DIRECTIONS FOR THIS TASK: Reproduce the listing that follows in full. Omit its images.

*** Opening INFORMATION SUPPLIED ***

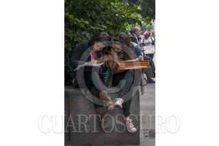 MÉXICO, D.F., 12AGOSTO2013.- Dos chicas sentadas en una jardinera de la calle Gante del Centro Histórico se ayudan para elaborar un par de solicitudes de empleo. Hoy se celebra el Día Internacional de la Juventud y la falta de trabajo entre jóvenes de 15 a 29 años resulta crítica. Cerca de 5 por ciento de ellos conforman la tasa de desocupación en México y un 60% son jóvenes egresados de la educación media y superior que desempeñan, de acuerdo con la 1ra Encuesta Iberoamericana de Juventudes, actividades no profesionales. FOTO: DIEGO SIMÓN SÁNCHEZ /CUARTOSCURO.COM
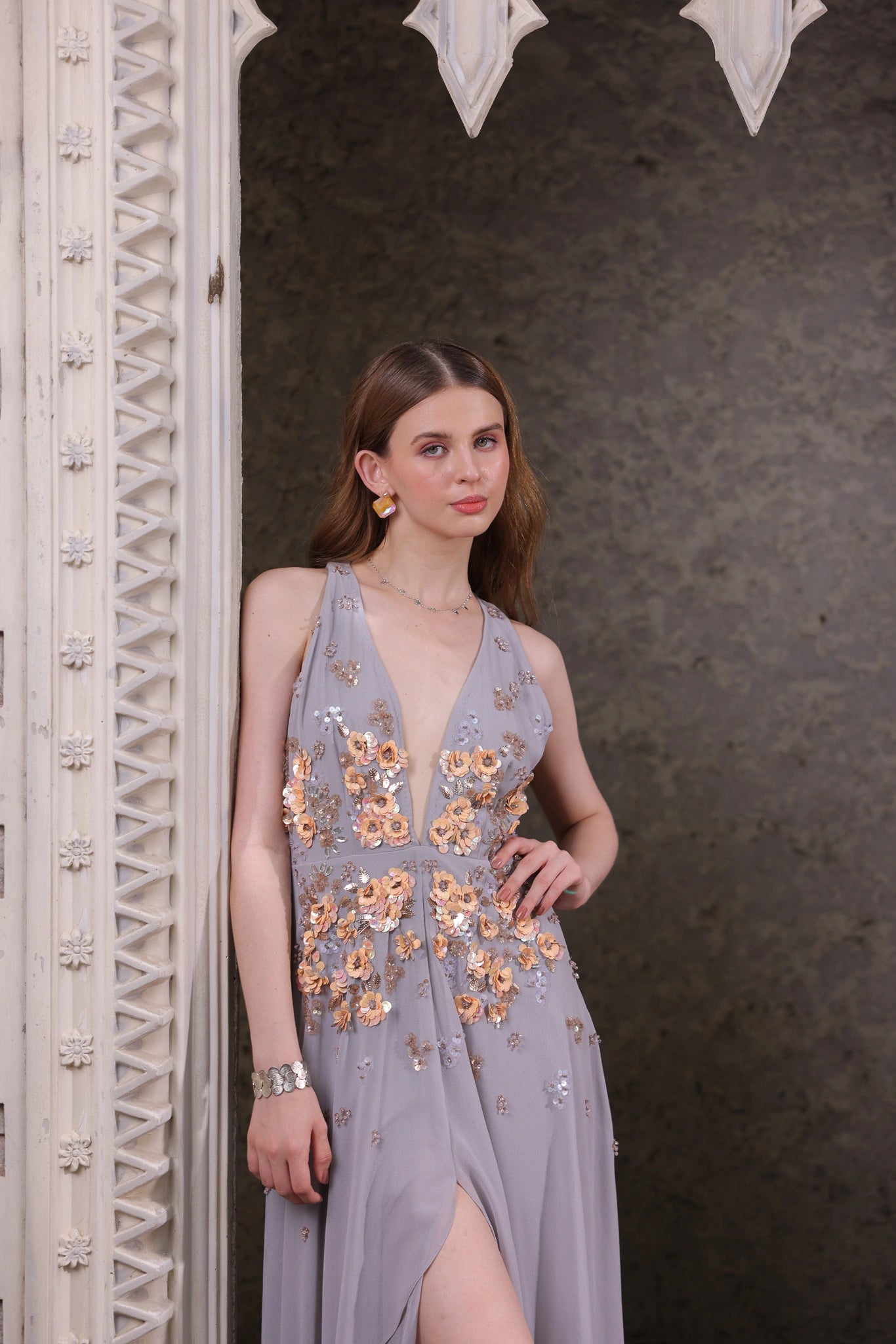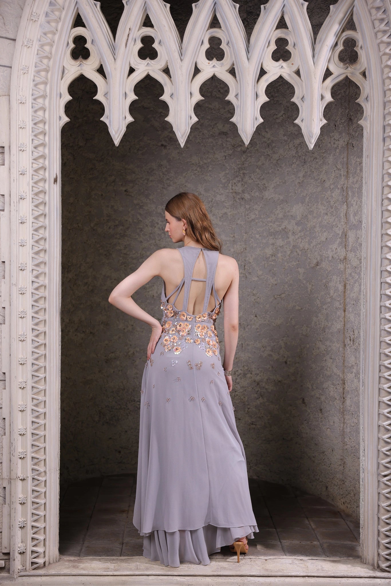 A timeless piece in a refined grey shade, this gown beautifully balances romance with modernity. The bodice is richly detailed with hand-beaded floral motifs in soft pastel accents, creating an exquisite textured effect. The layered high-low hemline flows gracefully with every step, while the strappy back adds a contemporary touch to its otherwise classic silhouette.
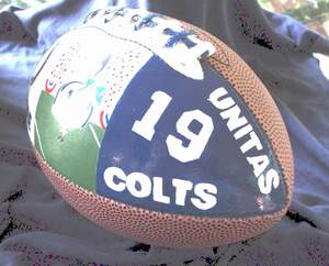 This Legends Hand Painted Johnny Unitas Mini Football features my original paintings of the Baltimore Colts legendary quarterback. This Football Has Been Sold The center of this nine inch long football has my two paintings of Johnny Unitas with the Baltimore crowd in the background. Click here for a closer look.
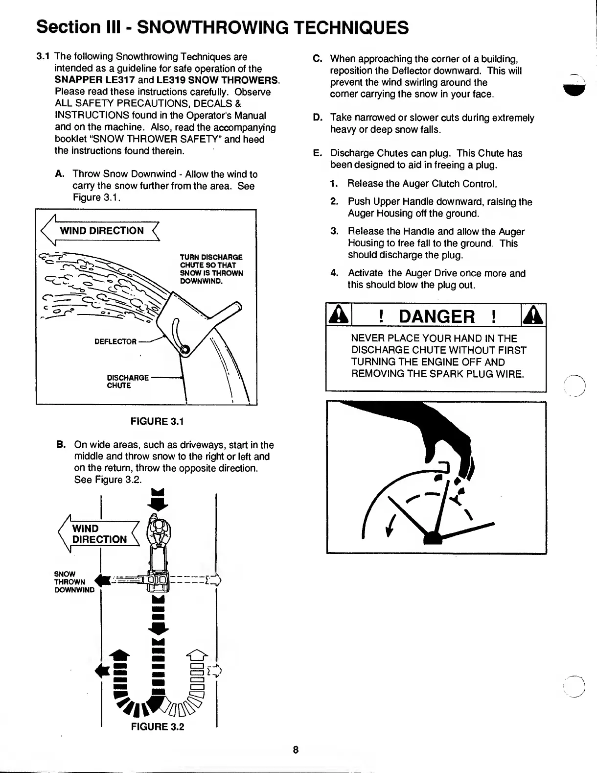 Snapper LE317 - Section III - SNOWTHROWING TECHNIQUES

*** Closing INFORMATION SUPPLIED ***

SOLUTION:
 MÉXICO, D.F., 12AGOSTO2013.- Dos chicas sentadas en una jardinera de la calle Gante del Centro Histórico se ayudan para elaborar un par de solicitudes de empleo. Hoy se celebra el Día Internacional de la Juventud y la falta de trabajo entre jóvenes de 15 a 29 años resulta crítica. Cerca de 5 por ciento de ellos conforman la tasa de desocupación en México y un 60% son jóvenes egresados de la educación media y superior que desempeñan, de acuerdo con la 1ra Encuesta Iberoamericana de Juventudes, actividades no profesionales. FOTO: DIEGO SIMÓN SÁNCHEZ /CUARTOSCURO.COM
 A timeless piece in a refined grey shade, this gown beautifully balances romance with modernity. The bodice is richly detailed with hand-beaded floral motifs in soft pastel accents, creating an exquisite textured effect. The layered high-low hemline flows gracefully with every step, while the strappy back adds a contemporary touch to its otherwise classic silhouette.
 This Legends Hand Painted Johnny Unitas Mini Football features my original paintings of the Baltimore Colts legendary quarterback. This Football Has Been Sold The center of this nine inch long football has my two paintings of Johnny Unitas with the Baltimore crowd in the background. Click here for a closer look.
 Snapper LE317 - Section III - SNOWTHROWING TECHNIQUES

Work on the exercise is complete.